OOD Detection Framework

CodeFactor

Code for our paper Confidence-based Out-of-Distribution Detection: A Comparative Study and Analysis which won the best paper award at the UNSURE 2021 workshop at MICCAI.

Berger, Christoph, Magdalini Paschali, Ben Glocker, and Konstantinos Kamnitsas. "Confidence-based Out-of-Distribution Detection: A Comparative Study and Analysis." arXiv preprint arXiv:2107.02568 (2021).

Intro

Methods

Implemented methods: * Maximum Class Probability * Deep Ensembles * ODIN * Mahalanobis Distance * Center Loss * Mahalanobis Ensemble * Monte Carlo Dropout * Monte Carlo Dropout Ensemble

Usage Instructions

Datasets

The code works with CIFAR10 vs SVHN and with CheXpert OOD detection tasks. CIFAR10 and SVHN are automatically downloaded via torchvision. For CheXpert, download CheXpert-v1.0-small and place the folder in datasets. The current default settings for CheXpert can be found in config\chexpert.py and are categorized in 2 settings we trained on (see table 2).

Requirements

This code was developed and tested on Python 3.8. Install all the required packages from requirements.txt. Both training and inference need a supported Nvidia GPU.

Training

Train new models using train_wrn_cifar10.py or train_wrn_chexpert.py. To adapt the default settings, edit the config files for the respective datasets. The defaults values yielded the best results in our training. You might have to adapt the batch size to fit the datasets on your GPU. We also made use of Weights and Biases for data logging, you can disable or enable that via a command line arg (--wandb).

Evaluation

Run eval_chexpert.py -h or eval_cifar10.py -h to see which methods you can run. You can also specify the exact IDs of pretrained models in the config to set which one the code loads.

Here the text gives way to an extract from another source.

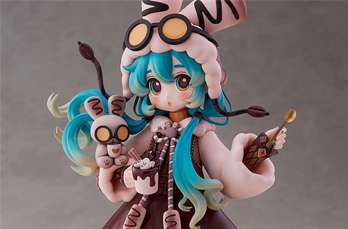 S-FIRE has created a figure based on the winning design, drawn by SUUROKU, from the winter drink-themed Hatsune Miku costume design contest! The outfit features melting milk chocolate and fluffy marshmallows that look good enough to eat, and has been meticulously designed, with special attention to details such as the cuffs and shoes. What's more, the cocoa mug and chocolate bar-shaped stand look just like the real thing! We look forward to serving you a sweet, heartwarming experience with Hatsune Miku!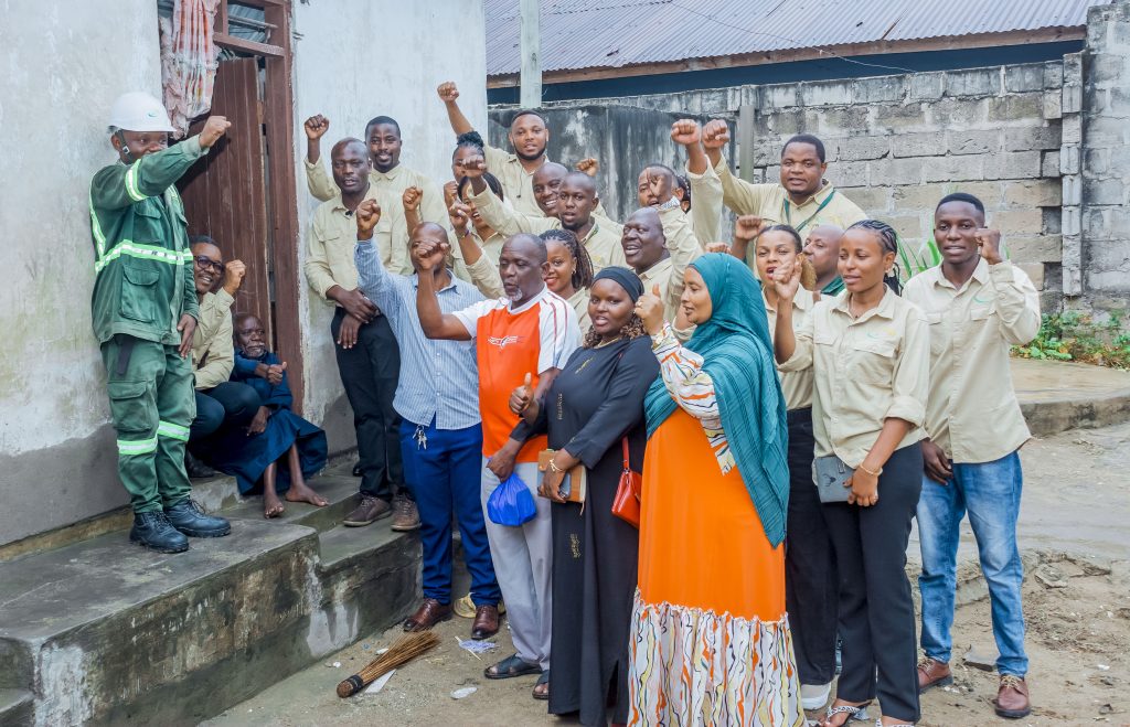 Wafanyakazi wa TANESCO Mkoa wa Temeke, Uongozi wa Serikali ya Mtaa wa Mzinga A, Mzee Maulid Ngakonda wakiwa katika picha ya pamoja baada ya kumaliza zoezi la kumuunganishia nishati ya umeme.

Further Analysis and Files

Some of the jupyter notebooks used for plotting of figures or analysing the results in more depth are located in the notebooks directory. However, some of the code and contents are experimental and might not work as intended.

Reference Results

CIFAR10 vs SVHN

CIFAR10 Results

CheXpert

CheXpert  Results

Repositories that helped assemble this collection of baselines

  • WideResNet from https://github.com/meliketoy/wide-resnet.pytorch/blob/master/config.py
  • Values from SVHN for normalization: https://deepobs.readthedocs.io/en/develop/_modules/deepobs/pytorch/datasets/svhn.html
  • Mahalanobis: https://github.com/pokaxpoka/deepMahalanobisdetector
  • ODIN: https://github.com/facebookresearch/odin
  • DUQ: https://github.com/y0ast/deterministic-uncertainty-quantification

How to cite

Please cite as: Berger, Christoph, Magdalini Paschali, Ben Glocker, and Konstantinos Kamnitsas. "Confidence-based Out-of-Distribution Detection: A Comparative Study and Analysis." arXiv preprint arXiv:2107.02568 (2021). BibTeX: bibtex @article{berger2021confidence, title={Confidence-based Out-of-Distribution Detection: A Comparative Study and Analysis}, author={Berger, Christoph and Paschali, Magdalini and Glocker, Ben and Kamnitsas, Konstantinos}, journal={arXiv preprint arXiv:2107.02568}, year={2021} }

Owner

  • Name: Christoph Berger
  • Login: christophbrgr
  • Kind: user
  • Location: Munich, Germany
  • Company: Tanso Technologies

PM @tanso-technologies 🌳 Previously at TU Munich, BiomedIA at Imperial College London, CBIL at Harvard Med School and DFCI in Boston.

Citation (CITATION.cff)

cff-version: 1.2.0
message: "If you use this software, please cite it as below."
authors:
- family-names: Berger
  affiliation: "Computer-Aided Medical Procedures, Technical University of Munich"
  given-names: Christoph
- affiliation: "Computer-Aided Medical Procedures, Technical University of Munich"
  family-names: Paschali
  given-names: Magdalini
- affiliation: "Imperial College London"
  family-names: Glocker
  given-names: Ben
- affiliation: "Imperial College London"
  family-names: Kamnitsas
  given-names: Konstantinos
title: "ood_detection_framework"
version: 1.0.0
date-released: 2021-07-28
url: "https://github.com/christophbrgr/ood_detection_framework"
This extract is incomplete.